A young child explores the unlimited potential inherent in all humans.

“Have you ever wondered why you are here?” asks the second-person narration. There is no one like you. Maybe you’re here to make a difference with your uniqueness; maybe you will speak for those who can’t or use your gifts to shine a light into the darkness. The no-frills, unrhymed narrative encourages readers to follow their hearts and tap into their limitless potential to be anything and do anything. The precisely inked and colored artwork plays with perspective from the first double-page spread, in which the child contemplates a mountain (or maybe an iceberg) in their hands. Later, they stand on a ladder to place white spots on tall, red mushrooms. The oversized flora and fauna seem to symbolize the presumptively insurmountable, reinforcing the book’s message that anything is possible.
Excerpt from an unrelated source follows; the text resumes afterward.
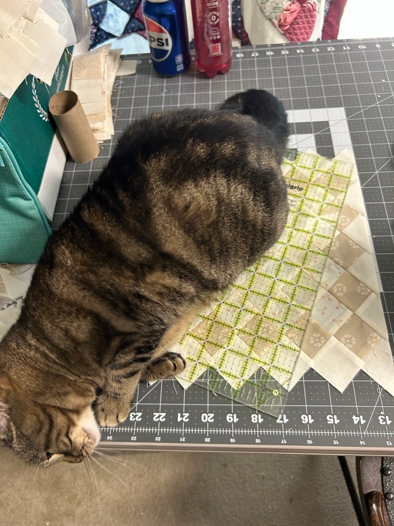 The friend I am staying with has cats – not always helpful, but they are cute. I am happy with the results. Jeanette did a great job of quilting, I just need to add a label and finish the binding.

This quiet read, with its sophisticated central question, encourages children to reach for their untapped potential while reminding them it won’t be easy—they will make messes and mistakes—but the magic within can help overcome falls and failures. It’s unlikely that members of the intended audience have begun to wonder about their life’s purpose, but this life-affirming mood piece has honorable intentions. The child, accompanied by an adorable piglet and sporting overalls and a bird-beaked cap made of leaves, presents white.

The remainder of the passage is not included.